### What is being asked
Across the whole listing, return each line exactly, with no images included.
** Opening Recorded information block **
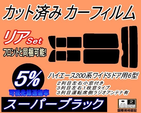 > カーフィルム スーパーブラック カット済み リアセット ハイエース 210系 5ドア ワイド itype (5%) スモーク KDR KDH TRH 211
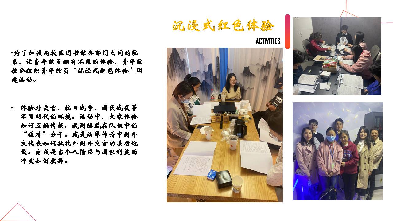 图书馆青年联谊会利用《阅动人生》这一品牌诵读活动串联起学校各个部门的联络,与工会联手提供一个师生展现自我的平台。同时,图书馆青年联谊会开展的活动多样化,除了推荐一些在线讲座以外,图书馆自创的“啡常时光”也提供了一个馆内交流的平台,领导与青年馆员,老馆员与青年馆员,青年馆员与青年馆员之间的学术交流、工作交流以及生活分享。每年组织一场不同形式的团建活动,让青年馆员走出办公室,不仅增进了青年馆员的沟通和交流,也培养和增强了大家的合作精神和集体荣誉感。
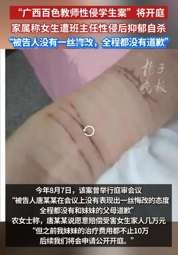 女生遭班主任性侵后抑郁自杀,这是发生在广西百色的教师性侵学生案,根据扬子晚报报道,该案被告人唐某某涉嫌强奸罪、强制猥亵罪将于11月30日不公开审理,而受害者家属表示,将申请公开审理。 从旁观者的角度来看,我支持家属申请公开审理。因为,女学生都已经死了,人都没有了,现在要的就是给女孩一个公开的交代,事情已然发生,事已至此,没有必要不公开审理。当然,从法院的角度来说,可能死者是未成年人,所以才不公开审理,这也是可以理解的。 只是,家属后续将申请公开审理,一方面是要严惩女孩的班主任,因为在“2017-2020年间,对未满16岁的符某某长期进行性侵”,这种老师简直就是披着人皮的狼,一个正值花季一样的女孩被这种不配为人师表的人给毁掉了,令人唏嘘不已。 另一方面,刑事附带民事诉讼方面,在之前的庭审会议中,犯罪嫌疑人不但没有悔意,没有道歉,而且只愿意赔偿几万块钱,这几万块钱能干吗?按照家属的说法,女孩治病都花了不止10万。现在嫌疑人知道自己上有老下有小了,教师的脸都被这种人给丢尽了,做了伤天害理的事情,必须要受到法律的严惩和道德的谴责。
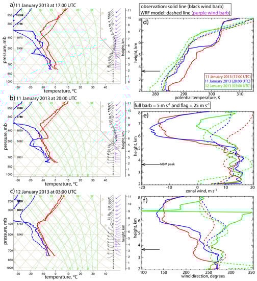 Vertical profile of the upstream atmosphere, at Saratoga, according to radiosonde data (solid lines) and the inner-domain WRF model (dashed lines). The first three panels (a–c) show temperature (red lines) and dewpoint (blue lines) on a skew T diagram, with wind barbs on the side (full barb = 5 m·s−1 and flag = 25 m·s−1), at three different times. Panels (d–f) show the vertical profiles of potential temperature, zonal wind speed, and wind direction, respectively. The height of Medicine Bow Peak is marked by a black arrow in the last three panels.
** Closing Recorded information block **
### Response area
 > カーフィルム スーパーブラック カット済み リアセット ハイエース 210系 5ドア ワイド itype (5%) スモーク KDR KDH TRH 211
 图书馆青年联谊会利用《阅动人生》这一品牌诵读活动串联起学校各个部门的联络,与工会联手提供一个师生展现自我的平台。同时,图书馆青年联谊会开展的活动多样化,除了推荐一些在线讲座以外,图书馆自创的“啡常时光”也提供了一个馆内交流的平台,领导与青年馆员,老馆员与青年馆员,青年馆员与青年馆员之间的学术交流、工作交流以及生活分享。每年组织一场不同形式的团建活动,让青年馆员走出办公室,不仅增进了青年馆员的沟通和交流,也培养和增强了大家的合作精神和集体荣誉感。
 女生遭班主任性侵后抑郁自杀,这是发生在广西百色的教师性侵学生案,根据扬子晚报报道,该案被告人唐某某涉嫌强奸罪、强制猥亵罪将于11月30日不公开审理,而受害者家属表示,将申请公开审理。 从旁观者的角度来看,我支持家属申请公开审理。因为,女学生都已经死了,人都没有了,现在要的就是给女孩一个公开的交代,事情已然发生,事已至此,没有必要不公开审理。当然,从法院的角度来说,可能死者是未成年人,所以才不公开审理,这也是可以理解的。 只是,家属后续将申请公开审理,一方面是要严惩女孩的班主任,因为在“2017-2020年间,对未满16岁的符某某长期进行性侵”,这种老师简直就是披着人皮的狼,一个正值花季一样的女孩被这种不配为人师表的人给毁掉了,令人唏嘘不已。 另一方面,刑事附带民事诉讼方面,在之前的庭审会议中,犯罪嫌疑人不但没有悔意,没有道歉,而且只愿意赔偿几万块钱,这几万块钱能干吗?按照家属的说法,女孩治病都花了不止10万。现在嫌疑人知道自己上有老下有小了,教师的脸都被这种人给丢尽了,做了伤天害理的事情,必须要受到法律的严惩和道德的谴责。
 Vertical profile of the upstream atmosphere, at Saratoga, according to radiosonde data (solid lines) and the inner-domain WRF model (dashed lines). The first three panels (a–c) show temperature (red lines) and dewpoint (blue lines) on a skew T diagram, with wind barbs on the side (full barb = 5 m·s−1 and flag = 25 m·s−1), at three different times. Panels (d–f) show the vertical profiles of potential temperature, zonal wind speed, and wind direction, respectively. The height of Medicine Bow Peak is marked by a black arrow in the last three panels.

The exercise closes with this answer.